Programming Basics
Becoming a better programmer is in many ways like learning any language. While it may be literal, there is much nuance, and many ways are available to express yourself in order to solve some problem.
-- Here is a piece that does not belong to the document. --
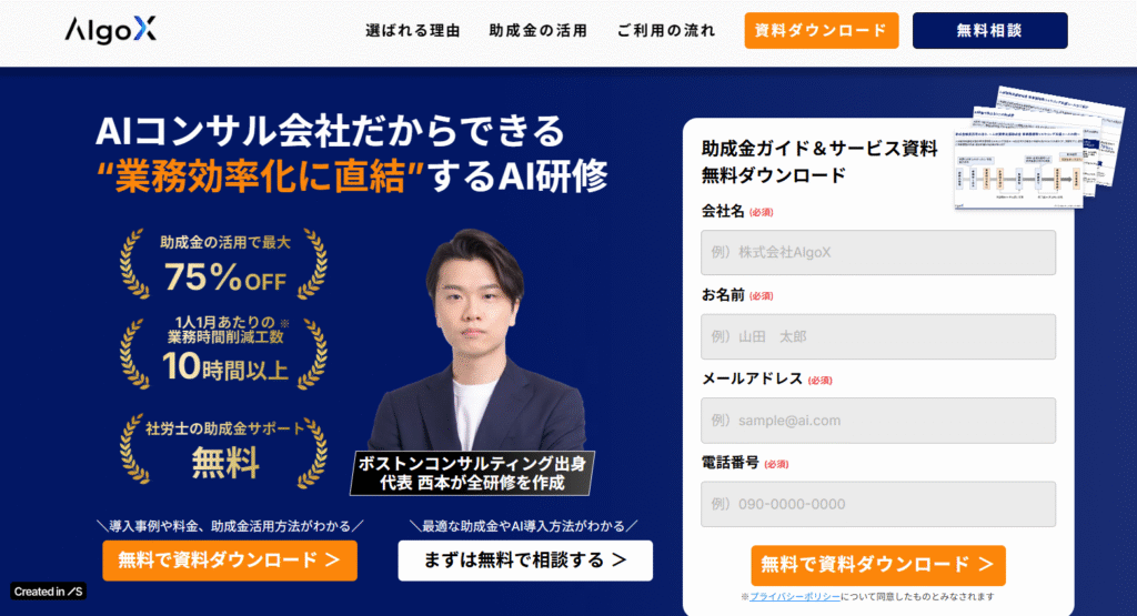 AlgoX(アルゴエックス)は、法人向けに特化したAIリスキリング研修サービスを提供するスクールで、特に業務効率化や生成AI活用を推進したい企業向けに設計された内容が特徴です。AI×業務改善の専門家が講師を務め、実務に即した視点からChatGPTや画像生成AIの活用法をわかりやすくレクチャーします。

However, it doesn’t take much in the way of practice to develop a few skills that will not only last, but go a long way toward saving you time and allowing you to explore your data, models, and visualizations more extensively. So let’s get to it!
R Objects
Object Inspection & Exploration
Let’s say you’ve imported your data into R. If you are going to be able to do anything with it, you’ll have had to create an R object that represents that data. What is that object? By now you know it’s a data frame, specifically, an object of class data.frame or possibly a tibble if you’re working within the tidyverse. If you want to look at it, you might be tempted to look at it this way with View, or clicking on it in your Environment viewer.
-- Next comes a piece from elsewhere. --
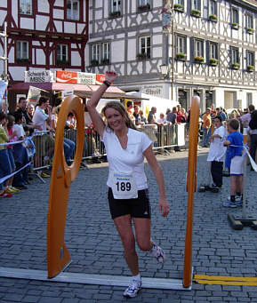 "Lauf zu, das wird ne gute Zeit!". Das gibt ihm noch einmal nen Schub. Wie

While this is certainly one way to inspect it, it’s not very useful. There’s far too much information to get much out of it, and information you may need to know is absent.
Consider the following:
tibble [53,940 × 10] (S3: tbl_df/tbl/data.frame)
$ carat : num [1:53940] 0.23 0.21 0.23 0.29 0.31 0.24 0.24 0.26 0.22 0.23 ...
$ cut : Ord.factor w/ 5 levels "Fair"<"Good"<..: 5 4 2 4 2 3 3 3 1 3 ...
$ color : Ord.factor w/ 7 levels "D"<"E"<"F"<"G"<..: 2 2 2 6 7 7 6 5 2 5 ...
$ clarity: Ord.factor w/ 8 levels "I1"<"SI2"<"SI1"<..: 2 3 5 4 2 6 7 3 4 5 ...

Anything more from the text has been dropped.